Required work:
Leave out every picture and set down, exactly, the lines below from the one holding "为深入贯彻党的教育方针,引导" up to and including the one holding "de:code 夏まつり ~よりコミュニティを楽しくするためのコミュニティのすすめ".
__________
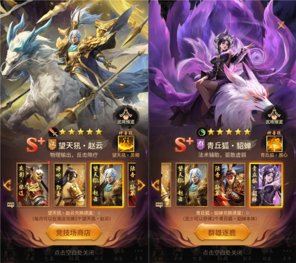 活动期间,玩家参与各类系统玩法并完成相应内容,就能获取不同的S+级神将。
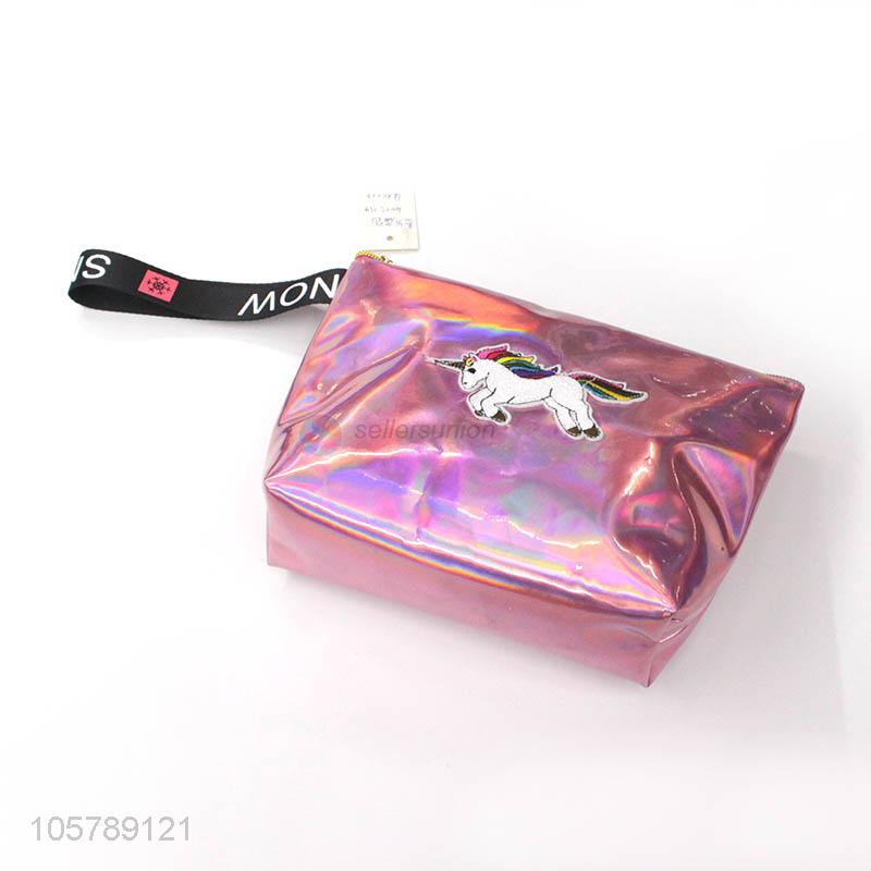 Cute design unicorn pu leather zipper cosmetic bag for promotions
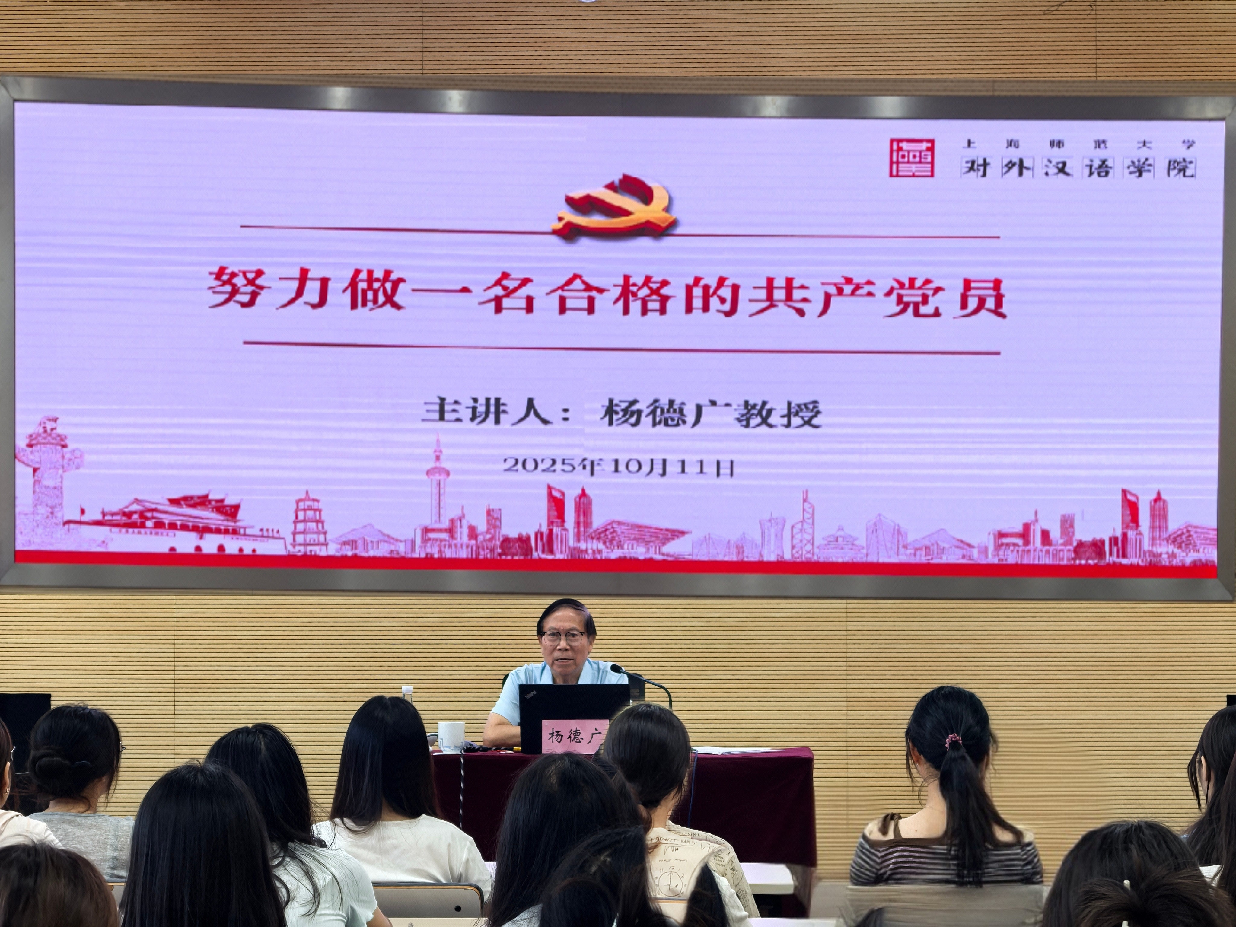 为深入贯彻党的教育方针,引导2025级研究生新生坚定理想信念,积极向党组织靠拢,2025年10月11日,对外汉语学院特邀上海师范大学原校长、学院党建工作督导杨德广教授,作题为“努力做一名合格的共产党员”专题讲座。讲座由学院副院长李文浩主持。
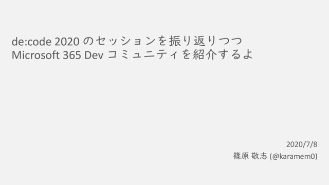 de:code 夏まつり ~よりコミュニティを楽しくするためのコミュニティのすすめ #3 (https://msdevjp.connpass.com/event/175983) に登壇したときのスライドです。
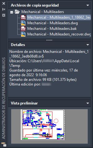 Consejo: Los archivos BAK y SV$ también se pueden renombrar y abrir fuera del Administrador de recuperación de dibujos. Consulte la sección Copia de seguridad y guardado automático de archivos de dibujo mostrada anteriormente en este tema.
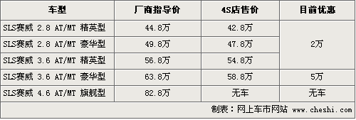 筆者從北京地區(qū)凱迪拉克經(jīng)銷商處了解到,目前SLS賽威的優(yōu)惠幅度有一定幅度的下降,其中2.8排量和3.6精英版優(yōu)惠2萬元,3.6豪華版則優(yōu)惠5萬元,F(xiàn)車顏色主要是黑色款,其他還需要預(yù)訂,但訂期時間較長。
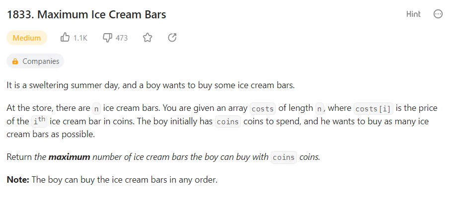 링크: https://leetcode.com/problems/maximum-ice-cream-bars/description/
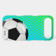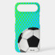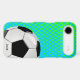 Custom soccer fan iPhone 6 case, with graphics of a blue and green dot pattern background. Graphics of a soccer ball decorates the bottom right corner of the case and custom black text, on the bottom, is ready to personalise. Great phone case for the sports fan or soccer player.
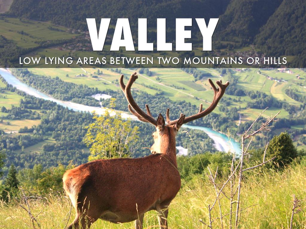 LOW LYING AREAS BETWEEN TWO MOUNTAINS OR HILLS
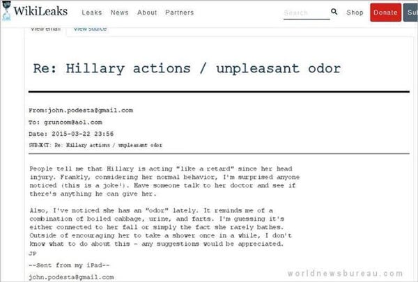 “People tell me that Hillary is acting ‘like a retard’ since her head injury,” the email read. “Frankly, considering her normal behavior, I’m surprised anyone noticed! (this is a joke!) Have someone talk to her doctor and see if there’s anything he can give her.”
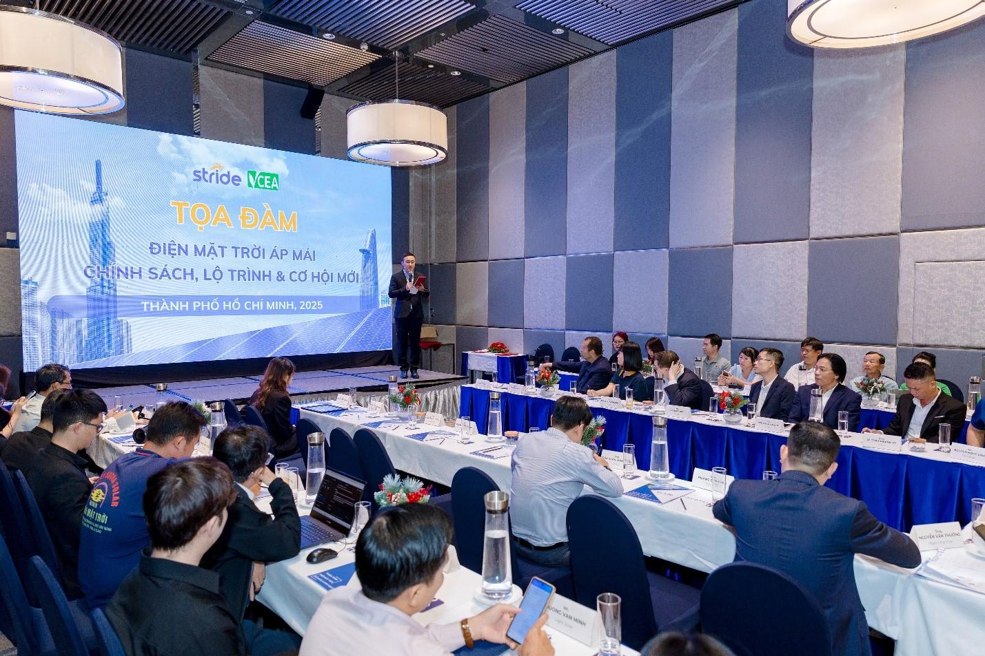 Ngày 23/12, Văn phòng đại diện Hiệp hội Năng lượng Sạch Việt Nam (VCEA) tại TPHCM và Công ty Stride chính thức ký kết Thỏa thuận hợp tác chiến lược xây dựng bộ tiêu chuẩn kỹ thuật chất lượng cao trong thi công điện mặt trời mái nhà, đồng thời tổ chức tọa đàm chính sách về điện mặt trời và trao giấy chứng nhận cho một số nhà thầu thi công đạt chuẩn chất lượng cao.
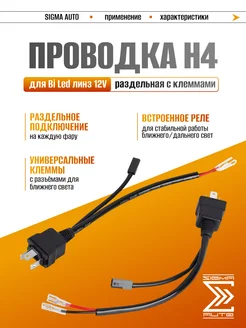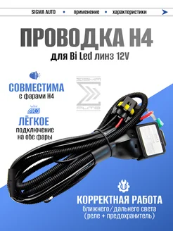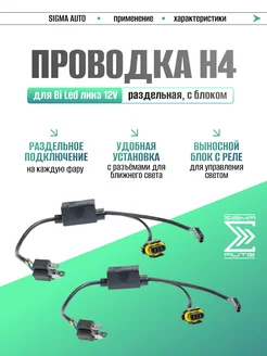 Проводка с реле для линз в цоколь Н4 (12V) комплект 2шт
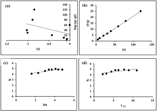 To determine the most effective kinetic model, the data for the batch adsorption study were studied via pseudo-first order, pseudo-second order, Elovich, and intra-particle diffusion, as indicated by Equations (4)–(7), respectively [53].
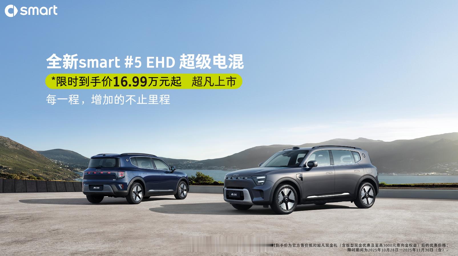 刚刚smart精灵5号EHD上市了,限时优惠价:16.99-21.99万
__________
Task output:
 为深入贯彻党的教育方针,引导2025级研究生新生坚定理想信念,积极向党组织靠拢,2025年10月11日,对外汉语学院特邀上海师范大学原校长、学院党建工作督导杨德广教授,作题为“努力做一名合格的共产党员”专题讲座。讲座由学院副院长李文浩主持。
 de:code 夏まつり ~よりコミュニティを楽しくするためのコミュニティのすすめ #3 (https://msdevjp.connpass.com/event/175983) に登壇したときのスライドです。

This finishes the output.